Let $$f(x)= [x]^{2}-[x+3]-3, x\in \mathbb R$$, where $$[\cdot]$$ is the greatest integer funtion. Then

Let $$[\,\cdot\,]$$ denote the greatest-integer (floor) function. Write $$n=[x]$$. Then $$x\in[n,n+1)$$ with $$n\in\mathbb Z$$.

Since $$x+3\in[n+3,n+4)$$, we have $$[x+3]=n+3$$.

Hence for every $$x\in[n,n+1)$$,

$$\begin{aligned} f(x)&=[x]^{2}-[x+3]-3 \\[2mm] &=n^{2}-(n+3)-3 \\[2mm] &=n^{2}-n-6 \\[2mm] &=(n-3)(n+2)\,.\end{aligned}$$

Thus $$f(x)$$ depends only on the integer $$n=[x]$$ and is constant over each unit interval $$[n,n+1)$$.

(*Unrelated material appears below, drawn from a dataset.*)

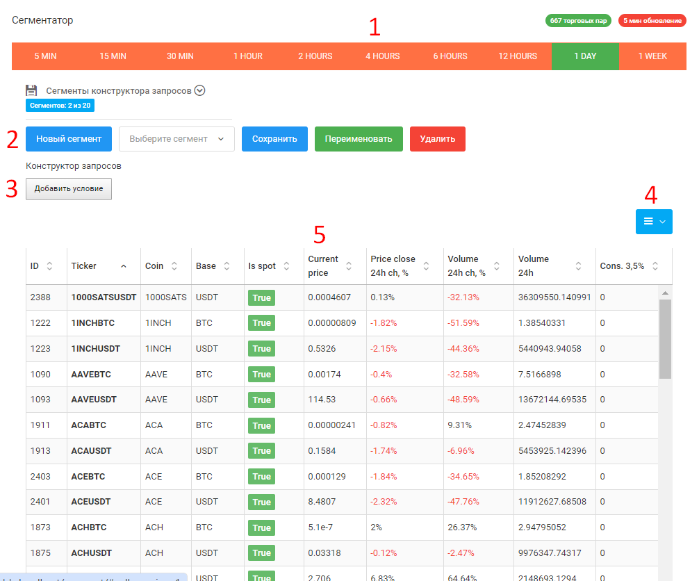 Модуль Сегментатор предназначен для создания сегментов рынка криптовалют основанных на фильтрации параметров(индикаторов) монет на текущий момент времени. Особенно удобен для тех, у кого есть своя торговая стратегия и понимание, с какими именно торговыми парами нужно работать. К примеру, у вас может быть самый простой сегмент пар, который нацелен на консолидации на дневке и зашкала покупок на текущем тф. У сегментатора нет алертов в отличие от Графика или Трекера, но он идеально подходит для снятия быстрого среза с рынка.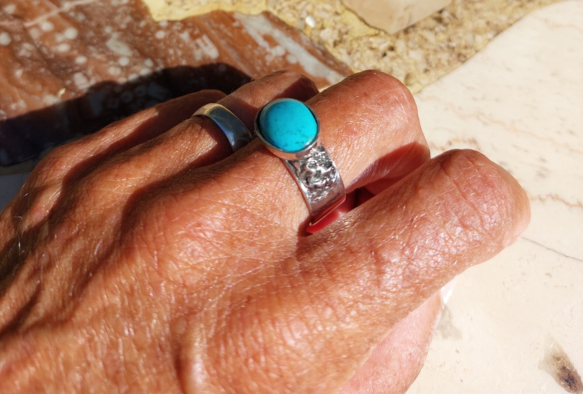 Zilveren ring met grote echte turkoois erin verwerkt. De breedte is 5mm en de ringmaat 19.5 mm

Sign analysis of $$g(n)=n^{2}-n-6=(n-3)(n+2)$$

• $$g(n)=0$$ at $$n=-2,\,3$$.
• $$g(n)\gt0$$ for $$n\le-3$$ and for $$n\ge4$$.
• $$g(n)\lt0$$ for $$-1\le n\le2$$.

Translating back to $$x$$ (remember $$x\in[n,n+1)$$):

• $$f(x)\gt0$$ for $$x\in(-\infty,-2)\cup[4,\infty)$$.
• $$f(x)=0$$ for $$x\in[-2,-1)\cup[3,4)$$.
• $$f(x)\lt0$$ for $$x\in[-1,3)$$.

Checking the options

Option A: “$$f(x)\gt0$$ only for $$x\in[4,\infty)$$”. There is another positive region $$(-\infty,-2)$$, so Option A is incorrect.

Option B: “$$f(x)\lt0$$ only for $$x\in[-1,3]$$”. Indeed whenever $$f(x)\lt0$$, $$x\in[-1,3)$$, which is contained in $$[-1,3]$$, and there are no negative values outside this interval. Therefore Option B is correct.

Option C: “$$f(x)=0$$ for finitely many values of $$x$$”. The zeros occur throughout the full intervals $$[-2,-1)$$ and $$[3,4)$$, giving infinitely many points. Hence Option C is wrong.

Option D: Evaluate $$\displaystyle\int_{0}^{2}f(x)\,dx$$.

Between $$0\le x&lt1$$: $$[x]=0\Rightarrow f(x)=0^{2}-3-3=-6$$.
Between $$1\le x&lt2$$: $$[x]=1\Rightarrow f(x)=1^{2}-4-3=-6$$.

Therefore $$\int_{0}^{2}f(x)\,dx=\int_{0}^{1}(-6)\,dx+\int_{1}^{2}(-6)\,dx=-6(1)-6(1)=-12\neq-6$$. So Option D is also wrong.

Hence the only correct choice is Option B.